• [Assignment]
Would you please repeat, word for word, only the lines from the one holding "شركة تاشي ديكور" through the one holding "The INFLATE-A-SKATE is" in the material below, without the pictures?

• [Data shown]
- - - - - - -
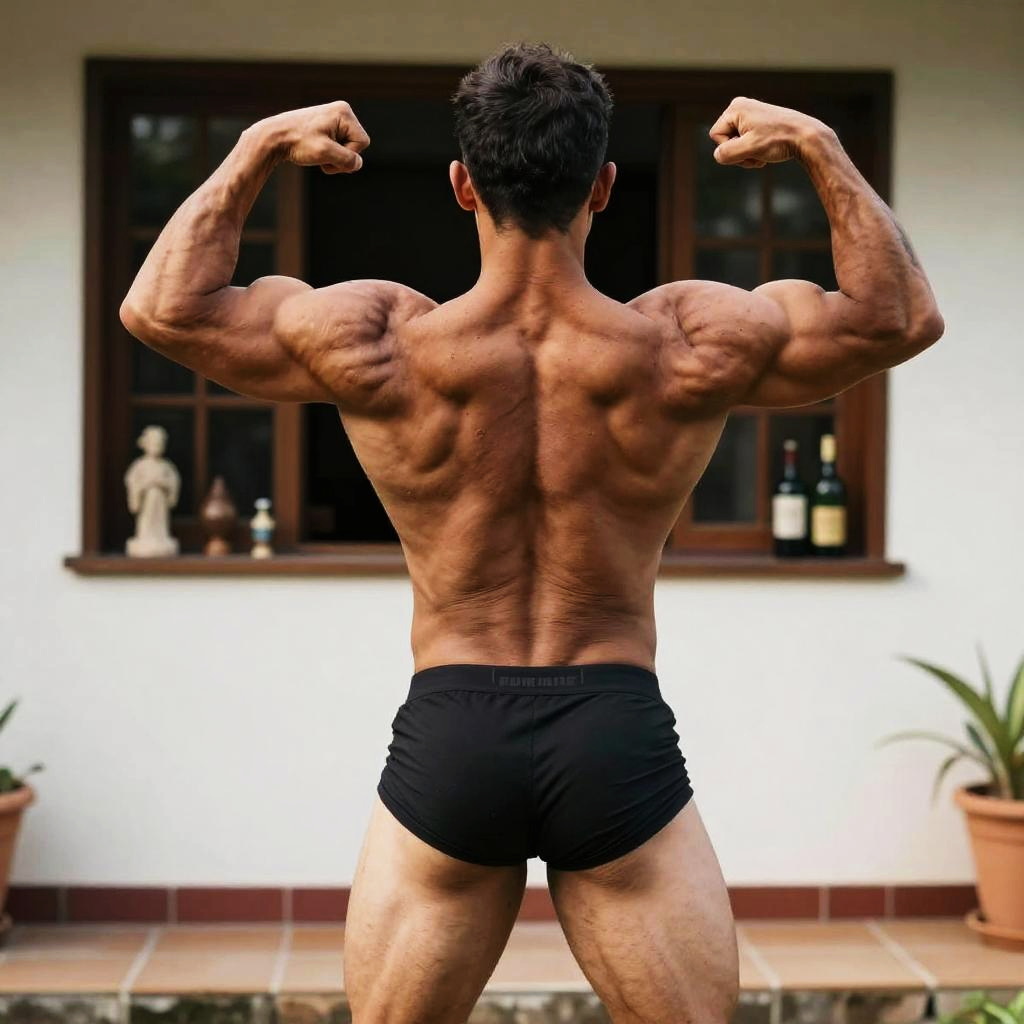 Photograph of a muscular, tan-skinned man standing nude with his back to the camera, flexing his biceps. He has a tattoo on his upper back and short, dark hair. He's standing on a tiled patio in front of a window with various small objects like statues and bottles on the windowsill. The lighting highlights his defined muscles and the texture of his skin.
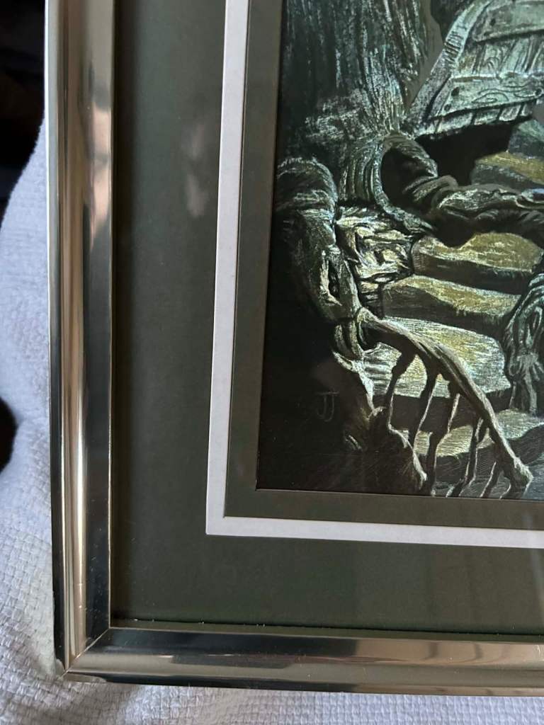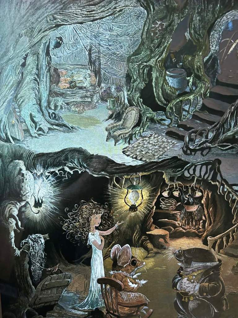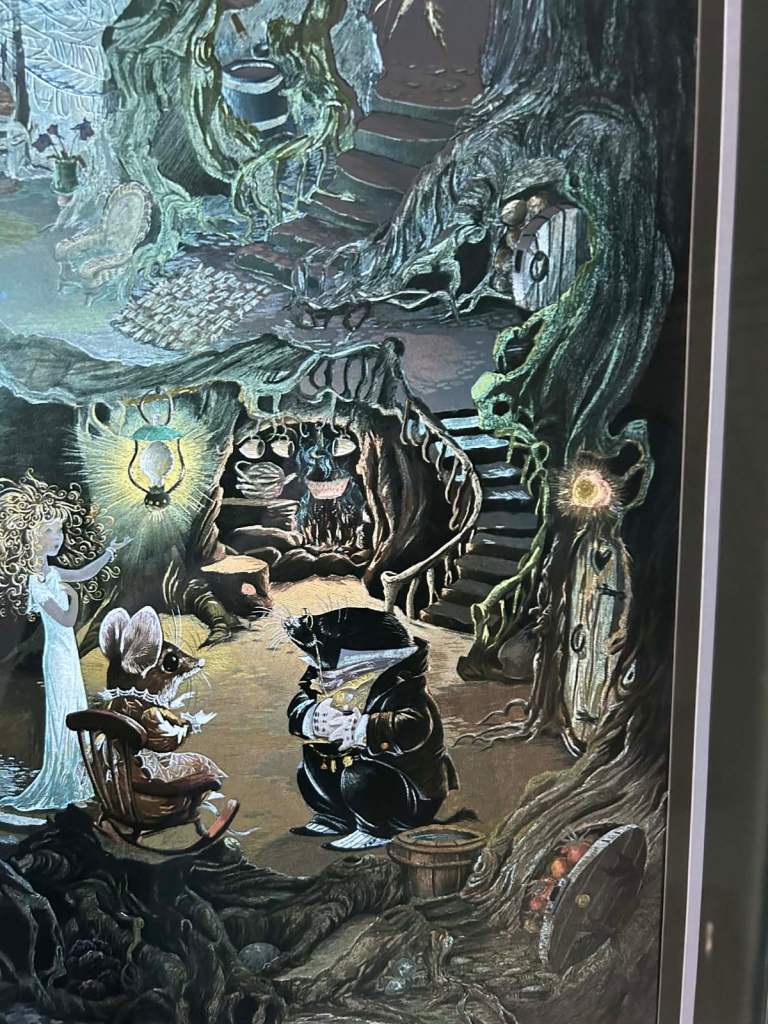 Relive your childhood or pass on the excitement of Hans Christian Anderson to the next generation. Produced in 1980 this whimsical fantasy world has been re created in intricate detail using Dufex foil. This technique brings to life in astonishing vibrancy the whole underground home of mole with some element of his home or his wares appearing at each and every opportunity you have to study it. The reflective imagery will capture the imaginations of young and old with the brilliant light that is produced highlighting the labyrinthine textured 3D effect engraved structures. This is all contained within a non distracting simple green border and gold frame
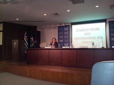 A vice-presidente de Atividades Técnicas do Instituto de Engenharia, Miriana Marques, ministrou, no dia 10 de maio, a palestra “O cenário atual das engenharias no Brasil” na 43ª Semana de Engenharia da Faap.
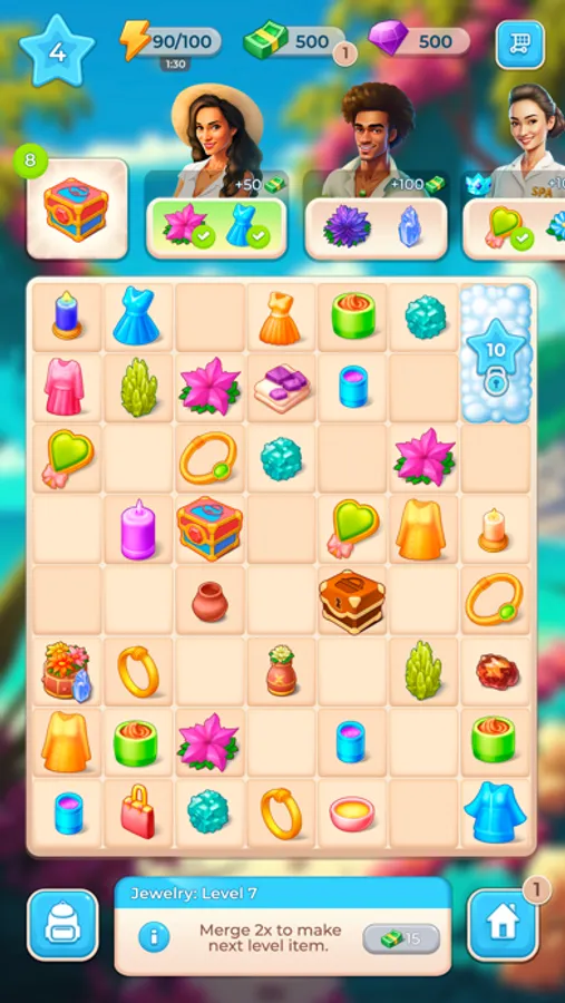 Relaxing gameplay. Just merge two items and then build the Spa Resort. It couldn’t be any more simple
- - - - - - -
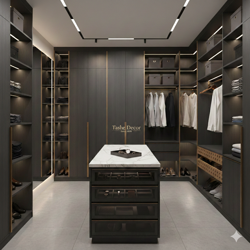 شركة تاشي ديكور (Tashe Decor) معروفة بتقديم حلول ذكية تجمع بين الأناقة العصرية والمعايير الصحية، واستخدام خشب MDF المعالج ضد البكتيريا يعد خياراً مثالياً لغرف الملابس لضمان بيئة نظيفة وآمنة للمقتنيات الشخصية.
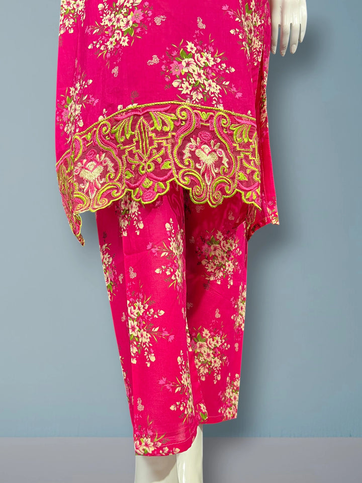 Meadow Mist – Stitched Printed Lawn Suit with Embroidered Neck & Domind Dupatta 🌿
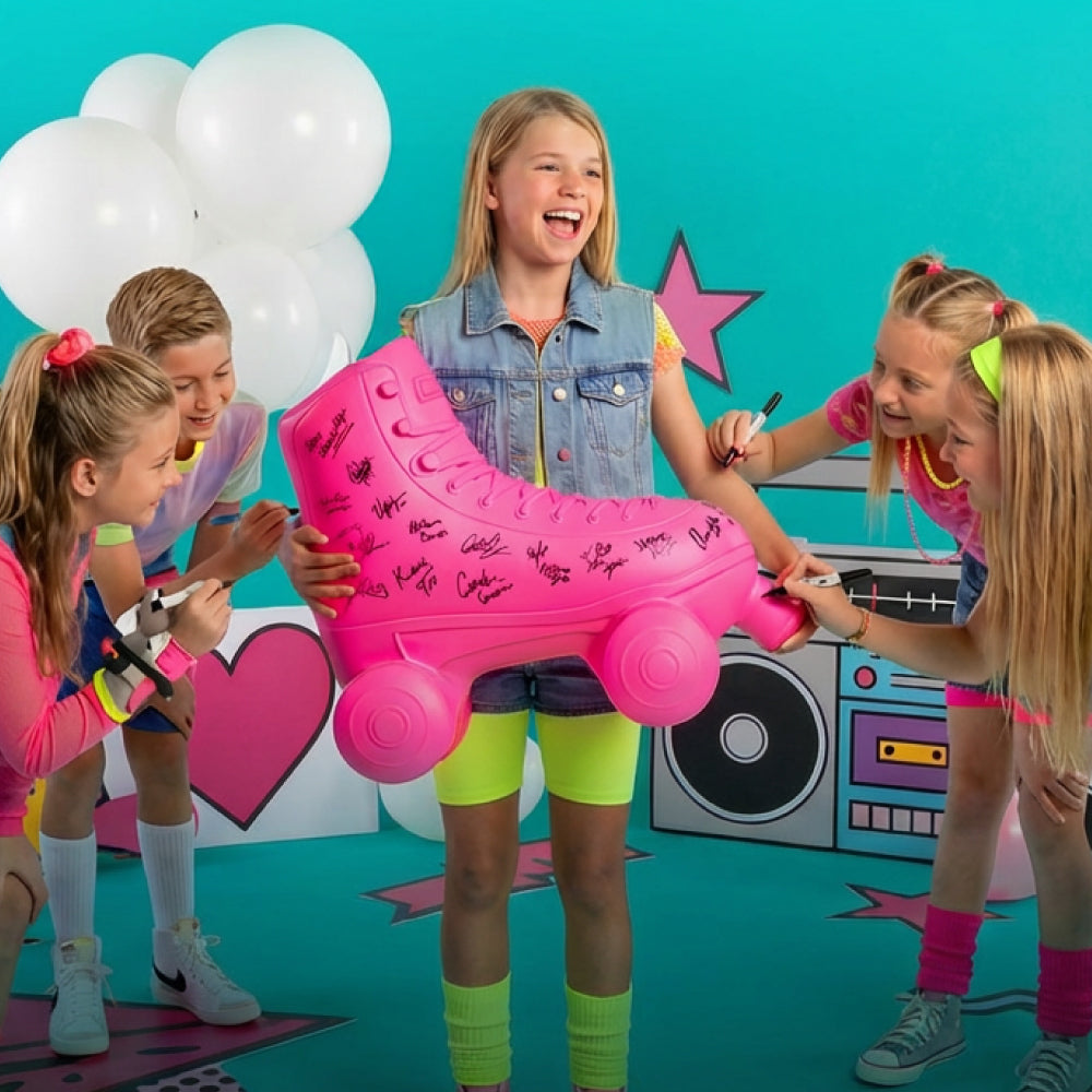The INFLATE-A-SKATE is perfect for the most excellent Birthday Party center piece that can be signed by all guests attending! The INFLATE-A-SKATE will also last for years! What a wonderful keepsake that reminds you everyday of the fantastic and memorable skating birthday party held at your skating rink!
- - - - - - -
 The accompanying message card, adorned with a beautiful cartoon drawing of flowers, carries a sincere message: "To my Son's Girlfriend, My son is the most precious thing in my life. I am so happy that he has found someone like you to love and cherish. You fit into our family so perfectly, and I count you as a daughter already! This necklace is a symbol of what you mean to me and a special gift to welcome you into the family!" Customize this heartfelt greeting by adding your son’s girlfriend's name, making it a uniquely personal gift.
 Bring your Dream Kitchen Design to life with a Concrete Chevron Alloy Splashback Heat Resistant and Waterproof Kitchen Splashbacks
- - - - - - -
• [Finished task]
 شركة تاشي ديكور (Tashe Decor) معروفة بتقديم حلول ذكية تجمع بين الأناقة العصرية والمعايير الصحية، واستخدام خشب MDF المعالج ضد البكتيريا يعد خياراً مثالياً لغرف الملابس لضمان بيئة نظيفة وآمنة للمقتنيات الشخصية.
 Meadow Mist – Stitched Printed Lawn Suit with Embroidered Neck & Domind Dupatta 🌿
The INFLATE-A-SKATE is perfect for the most excellent Birthday Party center piece that can be signed by all guests attending! The INFLATE-A-SKATE will also last for years! What a wonderful keepsake that reminds you everyday of the fantastic and memorable skating birthday party held at your skating rink!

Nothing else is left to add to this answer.